Medical image analysis suffers from limited expert-annotated data, hindering model generalization and clinical applicability. This study proposes an expert-guided, explainable, multi-pass learning framework that integrates radiologists-provided regions of interest (ROIs) into model training to simultaneously improve classification performance and interpretability. Grad-CAM is utilized for spatial attention supervision, introducing an explanation loss based on Dice similarity to focus the model's attention on diagnostically relevant regions during training. This explanation loss is optimized with a standard prototypical network objective, encouraging the model to focus on clinically relevant features even under data constraints. The framework is evaluated on two datasets: BraTS (MRI) and VinDr-CXR (thoracic X line), demonstrating improved accuracy from 77.09% to 83.61% on BraTS and from 54.33% to 73.29% on VinDr-CXR. Grad-CAM visualizations confirm that expert-led training consistently focuses attention on the diagnostic domain, improving both predictive reliability and clinical trustworthiness. These results demonstrate the effectiveness of integrating expert-led attention supervision to bridge the gap between performance and interpretability in multiple training medical imaging diagnoses.

Takeaways, Limitations

Takeaways:
We demonstrate that a few expert-led, explainable learning frameworks can simultaneously improve the performance and interpretability of medical image analysis.

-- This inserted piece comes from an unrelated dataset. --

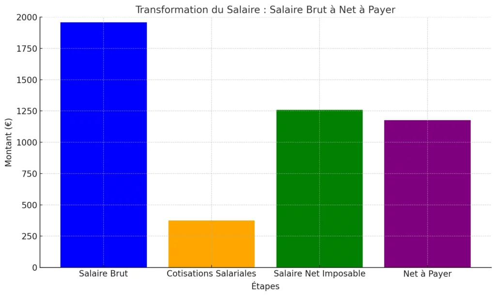 Après déduction des cotisations salariales, votre salaire brut se transforme en salaire net imposable, puis en net à payer, qui correspond à la somme que vous recevez réellement.

By leveraging Grad-CAM and Dice similarity-based explanation losses, we can effectively focus the model's attention on diagnosis-relevant areas.
High accuracy can be achieved even under limited data conditions.
We verify the effectiveness of the proposed method through experimental results on the BraTS and VinDr-CXR datasets.
Limitations:
Performance may be affected by the quality of the ROI provided by the expert.
Additional evaluation of generalization performance across various medical image types and diseases is needed.
A solution is needed to address the cost and time-consuming issues of expert annotation work.